### What you are asked to do:
Where an entry below contains an image, skip the image and copy the rest exactly.

### Records to use:
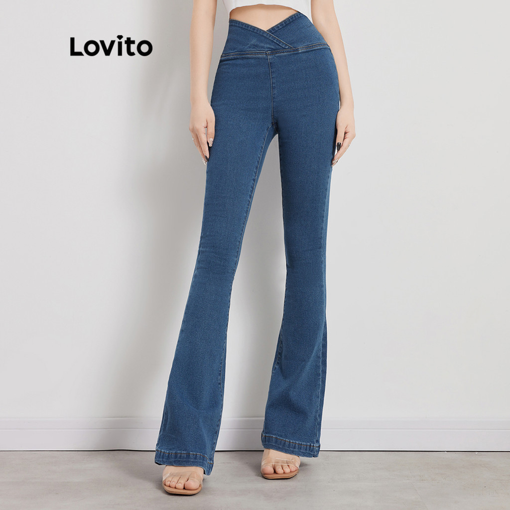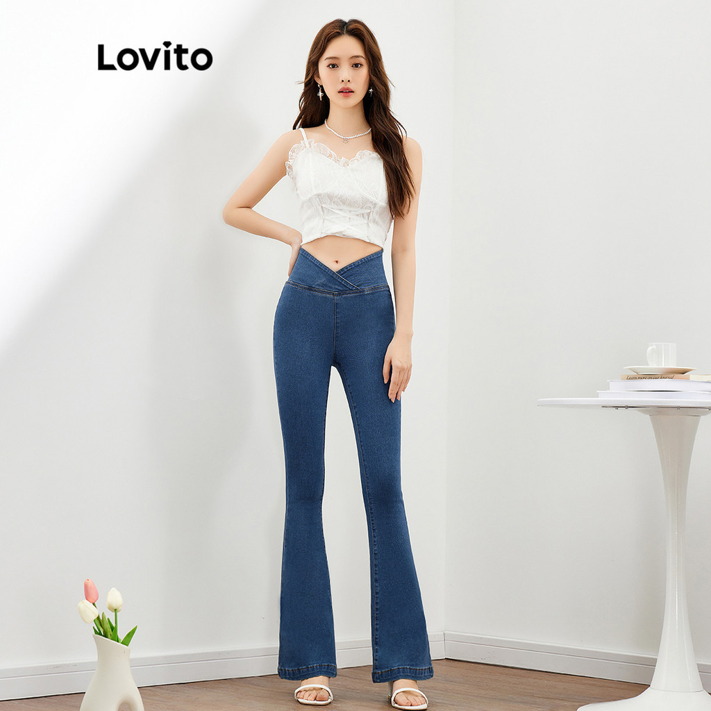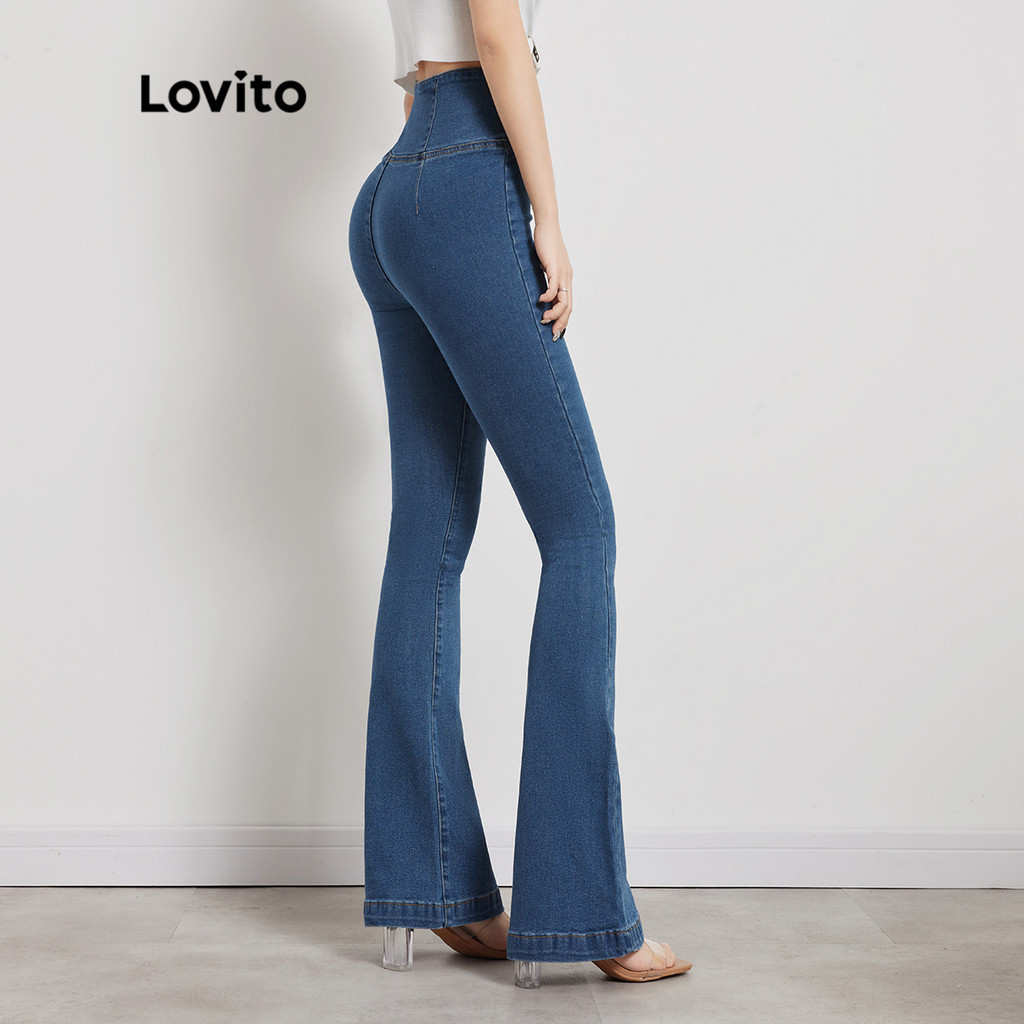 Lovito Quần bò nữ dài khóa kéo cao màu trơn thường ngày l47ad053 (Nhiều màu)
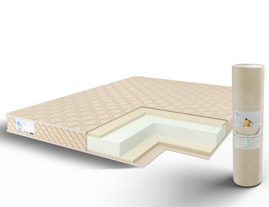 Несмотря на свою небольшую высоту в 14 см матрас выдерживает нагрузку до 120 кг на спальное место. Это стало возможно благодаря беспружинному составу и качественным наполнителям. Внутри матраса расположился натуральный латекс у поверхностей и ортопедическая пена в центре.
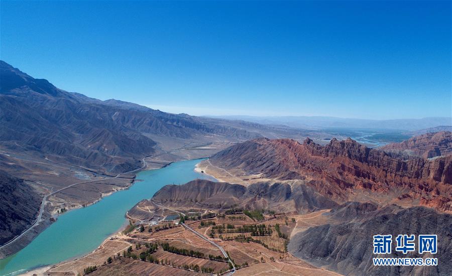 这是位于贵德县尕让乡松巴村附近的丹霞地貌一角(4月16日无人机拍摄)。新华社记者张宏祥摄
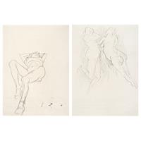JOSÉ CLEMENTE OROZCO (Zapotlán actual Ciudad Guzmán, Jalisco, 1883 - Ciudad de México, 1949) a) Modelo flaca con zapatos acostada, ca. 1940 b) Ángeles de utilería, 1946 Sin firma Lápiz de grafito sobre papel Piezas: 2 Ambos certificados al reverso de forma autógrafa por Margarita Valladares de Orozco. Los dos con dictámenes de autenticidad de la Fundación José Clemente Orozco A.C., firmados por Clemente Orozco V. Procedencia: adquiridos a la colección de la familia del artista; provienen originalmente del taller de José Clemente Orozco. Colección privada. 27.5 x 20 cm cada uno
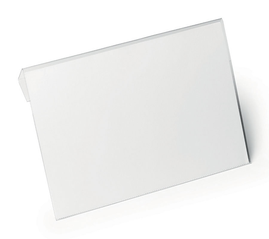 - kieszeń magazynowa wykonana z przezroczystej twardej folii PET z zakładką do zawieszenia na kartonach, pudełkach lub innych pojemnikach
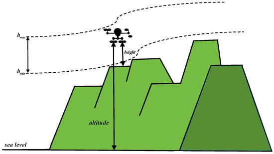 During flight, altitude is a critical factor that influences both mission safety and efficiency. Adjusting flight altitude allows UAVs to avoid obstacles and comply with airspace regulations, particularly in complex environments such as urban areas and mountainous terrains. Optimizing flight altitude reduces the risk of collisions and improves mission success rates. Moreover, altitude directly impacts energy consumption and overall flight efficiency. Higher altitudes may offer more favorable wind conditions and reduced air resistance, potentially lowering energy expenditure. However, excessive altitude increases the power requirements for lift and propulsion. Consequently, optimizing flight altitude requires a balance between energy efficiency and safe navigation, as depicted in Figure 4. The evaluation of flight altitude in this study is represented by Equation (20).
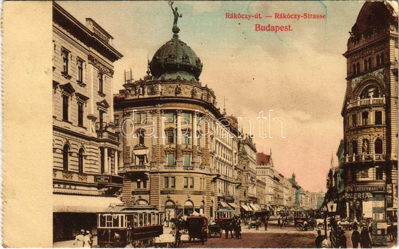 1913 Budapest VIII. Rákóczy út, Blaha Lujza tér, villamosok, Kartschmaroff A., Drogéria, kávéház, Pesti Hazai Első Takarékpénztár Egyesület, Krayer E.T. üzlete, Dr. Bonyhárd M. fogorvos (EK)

### Finished task:
 Lovito Quần bò nữ dài khóa kéo cao màu trơn thường ngày l47ad053 (Nhiều màu)
 Несмотря на свою небольшую высоту в 14 см матрас выдерживает нагрузку до 120 кг на спальное место. Это стало возможно благодаря беспружинному составу и качественным наполнителям. Внутри матраса расположился натуральный латекс у поверхностей и ортопедическая пена в центре.
 这是位于贵德县尕让乡松巴村附近的丹霞地貌一角(4月16日无人机拍摄)。新华社记者张宏祥摄
JOSÉ CLEMENTE OROZCO (Zapotlán actual Ciudad Guzmán, Jalisco, 1883 - Ciudad de México, 1949) a) Modelo flaca con zapatos acostada, ca. 1940 b) Ángeles de utilería, 1946 Sin firma Lápiz de grafito sobre papel Piezas: 2 Ambos certificados al reverso de forma autógrafa por Margarita Valladares de Orozco. Los dos con dictámenes de autenticidad de la Fundación José Clemente Orozco A.C., firmados por Clemente Orozco V. Procedencia: adquiridos a la colección de la familia del artista; provienen originalmente del taller de José Clemente Orozco. Colección privada. 27.5 x 20 cm cada uno
 - kieszeń magazynowa wykonana z przezroczystej twardej folii PET z zakładką do zawieszenia na kartonach, pudełkach lub innych pojemnikach
 During flight, altitude is a critical factor that influences both mission safety and efficiency. Adjusting flight altitude allows UAVs to avoid obstacles and comply with airspace regulations, particularly in complex environments such as urban areas and mountainous terrains. Optimizing flight altitude reduces the risk of collisions and improves mission success rates. Moreover, altitude directly impacts energy consumption and overall flight efficiency. Higher altitudes may offer more favorable wind conditions and reduced air resistance, potentially lowering energy expenditure. However, excessive altitude increases the power requirements for lift and propulsion. Consequently, optimizing flight altitude requires a balance between energy efficiency and safe navigation, as depicted in Figure 4. The evaluation of flight altitude in this study is represented by Equation (20).
 1913 Budapest VIII. Rákóczy út, Blaha Lujza tér, villamosok, Kartschmaroff A., Drogéria, kávéház, Pesti Hazai Első Takarékpénztár Egyesület, Krayer E.T. üzlete, Dr. Bonyhárd M. fogorvos (EK)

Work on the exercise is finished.